PENSACOLA, Fla. -- Millionaire oilman David Ashton Robinson, whose efforts to avenge the mysterious death of his only daughter bought him tragedy and was the source of a best-selling book, died last week at 87.
Robinson died Thursday of undisclosed causes at Sacred Heart Hospital, a spokeswoman said. He had been at the hospital for about two weeks.
Skip Trahan, funeral director at Harper-Morris Memorial Chapel, said funeral services were set for 3 p.m. Saturday at the chapel, with burial to follow at Bayview Memorial Park.
Sacred Heart officials said Robinson, whose story was detailed in the best-seller 'Blood and Money' by the late Thomas Thompson, had lived the last several years in Pensacola.
Robinson made millions in the oil business, but his life remained essentially private until his adopted daughter died mysteriously in 1969 and her husband was shot to death in 1972.
The glamour surrounding Robinson's socialite horsewoman daughter, Joan, and her third husband, society plastic surgeon John Hill; her still unexplained death; the violence of Hill's death and their son's suspicions that Hill was killed for revenge, knitted a story made for Hollywood.
Author Tommy Thompson turned it into the best seller, 'Blood and Money.' Thompson sold the story to New York producer David Merrick who planned a television serial. Robinson filed a $20 million slander suit against Thompson and his publishers.

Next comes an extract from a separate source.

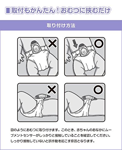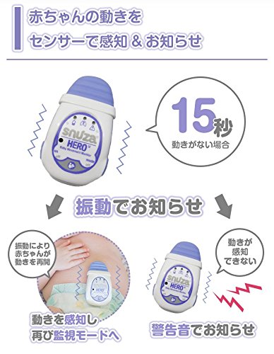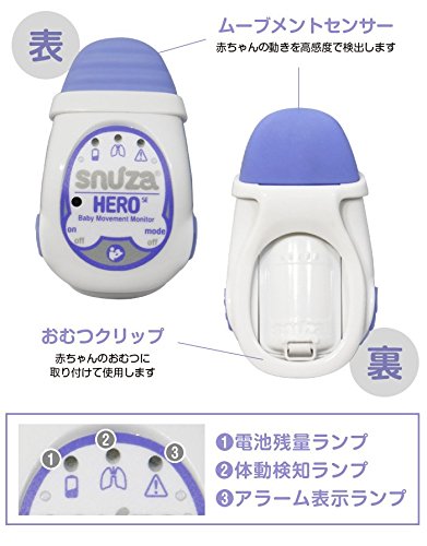 赤ちゃんが眠っている間に腹部の動きをモニタリングします。 煩わしいコード、ワイヤー、センサパッドや外部電源などは不要です。 使い方は電源を入れ、固定クリップでおむつに取付けるだけで簡単にご使用いただけます。 音量調整は「MODE/OFF」ボタンで行います。 (使用方法) 1.起動 前面の左側にある「ON/OFF」ホ?タンを押して起動します。各ライトが数回点滅して、ハ?イフ?レーションと音がなります。 赤ちゃんのおむつにクリップで挟む様に取付けます。この時、赤ちゃんのおなかにムーブメントセンサーがしっかりと接触していることを確認してください。 2.電源 OFF 左側の「ON/OFF」ボタンと右側の「MODE/OFF」ホ?タンを同時に押します。 サイズ:約7x2.5x4.5cm 重量:約31g 電源:リチウム電池(3V、CR2(CR15270)型×1個使用) 定格電源電圧:DC3V 消費電圧:3v 性別:男女共用 医療機器の種類:一般医療機器 付属品:本体、本体ケース、日本語取扱説明書、動作確認用電池(動作確認用の為、通常の物より寿命が短い場合もあります) ・本製品は乳幼児突然死症候群(SIDS)の予防や睡眠障害(睡眠時無呼吸等)の病気の評価に用いる機器ではありません。 ・乳児の状態は本製品による体動の情報だけで判断せず、必ず保護者や看護者が確認してください。 ・スヌーザヒーローは、外部の動きを拾うため、添い寝やベッドの共有には適していません。車のシートやベビーカーなど、赤ちゃんが動いているときの使用はおすすめしません。

The tangled drama began unfolding in mid-March 1969, when Joan suddenly became ill. She was 38, blonde, beautiful, rich, unhappily married -- and previously healthy and active, a championship horsewoman.
Her father thought she had the flu. But after treatment at home by her husband, her condition worsened and she was rushed to a hospital. She died 15 hours after arrival.
Joan was embalmed before an autopsy could be conducted, complicating the search for the cause of death. Repeated examinations, including exhumation of her body five months after death, left her illness unexplained beyond a finding of 'massive infection' from an undiscovered source.
Robinson blamed Hill. The surgeon's 9-year marriage to Joan had been troubled near the end of her life.
Robinson -- quoted as vowing, 'I'm gonna nail him to the wall' - pressed for prosecution.
Two grand juries decided against an indictment. A third responded to Robinson's push for indictment in May 1970 by charging Hill with murder by neglect.
Hill, who remarried two months after his wife's funeral, hired defense attorney Richard 'Racehorse' Haynes. The first trial ended in February 1971 with a deadlocked jury.
Hill, 41, was awaiting retrial when he was shot to death by an intruder at his River Oaks mansion in September 1972.
The killer had forced his way into Hill's home, tied up his 8-year-old son, Robert, and his elderly mother, Myra, and announced a 'robbery.' He waited until Hill arrived, shot him three times with a .38-caliber pistol, perfunctorily took his wallet and fled.
Hill's third wife -- his remarriage so soon after the funeral ended in divorce nine months later -- and his son eventually sued Robinson for $7.6 million in a wrongful death action charging the old man masterminded the killing.
Robinson was never prosecuted and always protested his innocence while insisting his son-in-law was responsible for his daughter's death.
Police charged a petty criminal, Bobby Wayne Vandiver, with the killing, but he was shot to death by police in May 1974 before his involvement in the case could be detailed.
Robinson had been a loving grandfather to the boy he called 'Boot.' But the boy began avoiding him after the family tragedy began unfolding.
'My father didn't kill my mother,' Hill told an interviewer 10 years later. 'I'd bet my life on it. That's what Ash might have thought, but he was wrong.
'Ash gives lots of people the impression he's a charming old man, a grandfather who loves his grandson. Well, I'm wise to that image. If I saw him face to face ... I'd probably say something like, 'Why'd you kill my father? Why'd you ruin our lives?''
The lawsuit ended in his favor and Robinson and his wife, Rhea, receded from public view.